I'm really new at this and don't even have a layout yet and have been running my very new locos along a straight track on my workbench.

I'm wondering is there a correct way to put on or to remove a loco from a track? That is, is it ok to do this when the track is powered on?

The reason I ask is that I have experienced problems with two of my locos where the DCC controller seems to lose its settings and the result is either;

Case 1 Athern with Tsunami2 Sound:- didn't respond at all when put on the track and had to be reset to factory default to become operational again

Case 2 Kato with EsuLoc Sound:- when put on the track the engine can develop an annoying screaming sound that can't be stopped except by resetting to factory default. When this occurs the loco operates ok and some sound functions such as the bell and horn work ok, its the engine noise that seems to be the problem.

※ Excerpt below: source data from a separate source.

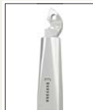
國家發明獎 法人組銀牌獎 Invention Award of Taiwan
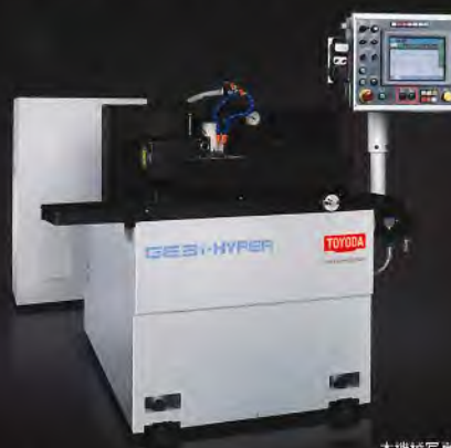
本機様写真はGE3Pi-25HYPERです。
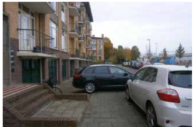
Parkeeroverlast in Tolsteeg. (HvD)

Ondertussen blijft het ten noorden van de Saffierlaan zoeken naar een parkeerplekje. Creatief wordt elke centimeter benut. Maar iedereen moet wel goed opletten hoe je de auto parkeert. Wanneer een auto verkeerd staat, zijn parkeerwachters onverbiddelijk en zij hebben aan sommige buurtgenoten al
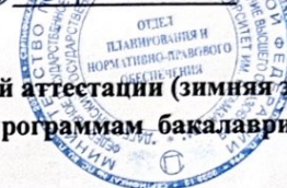
График второй ликвидации академической задолженности по итогам первой промежуточной аттестации (зимняя зачетно-экзаменационная сессия) в 2023-2024 году студентов очной формы обучения, обучающихся по программам бакалавриата
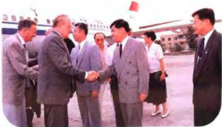
▶1993年美国议员访华 团抵桂林访问。
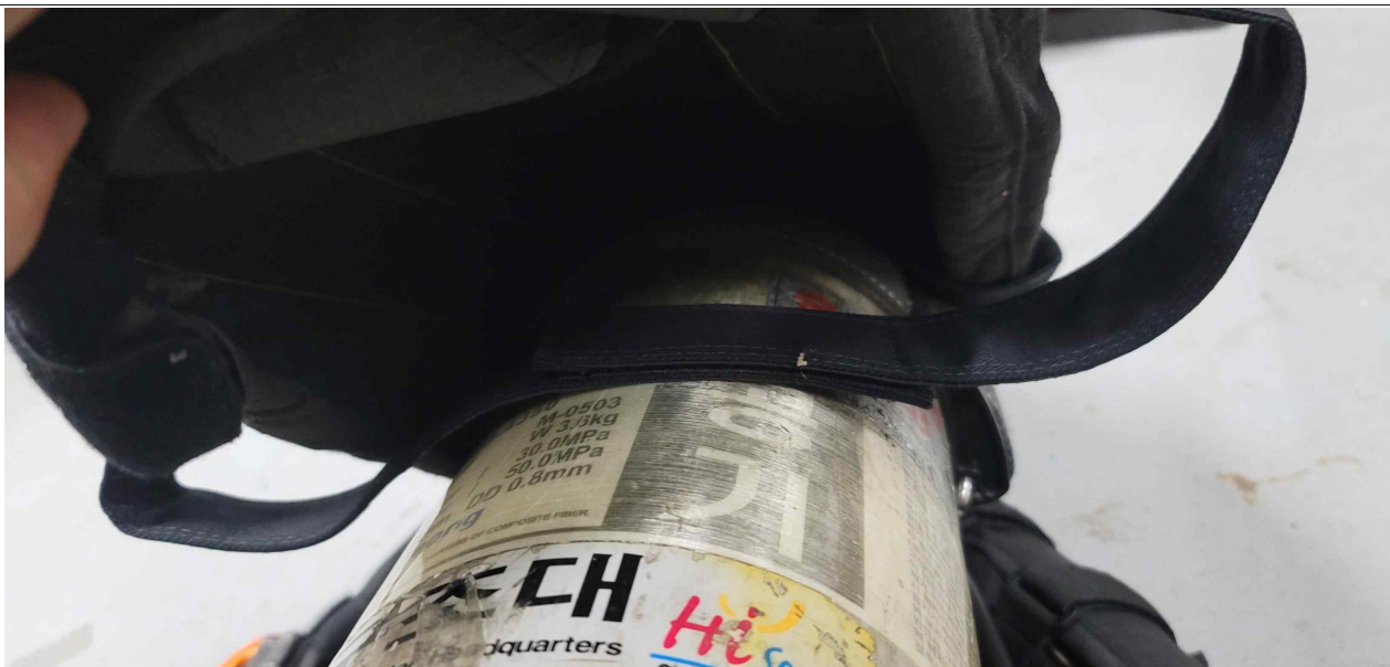
수납파우치 벨크로를 공기통 위쪽(공기호흡기 커버 안쪽)으로 놓고 덮는다.
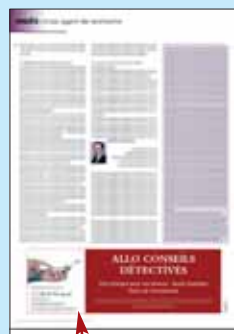
18 x 6 cm 1/4 page bandeau

I hope this makes sense to you.


----------



## Lemonhawk (Sep 24, 2013)

I seem to recall that some one wiped out their decoder by putting their loco on a hot track, and worse, the manufacture said their warranty would not cover replacing the decoder because the track power was not off when the loco was railed. with this in mind, I typically put my steam loco's (I only have steam) on the live track. I am thinking that I need to change and since I have a control panel with lots of block switches its really easy to shut off just that section. Better safe than sorry.


----------



## Chip (Feb 11, 2016)

It makes absolute sense even if it has not happened to me! I never really thought about it I just pick em up and plop em down whenever and however I need to. There is a kind of "technique" to placing a loco on the tracks I guess, kind of a "lean onto it" motion coming from one side and getting all the wheels on that side on the rail and then "up" on it's "pins" and away we go! OR the "slam and rub" onto a re-railer!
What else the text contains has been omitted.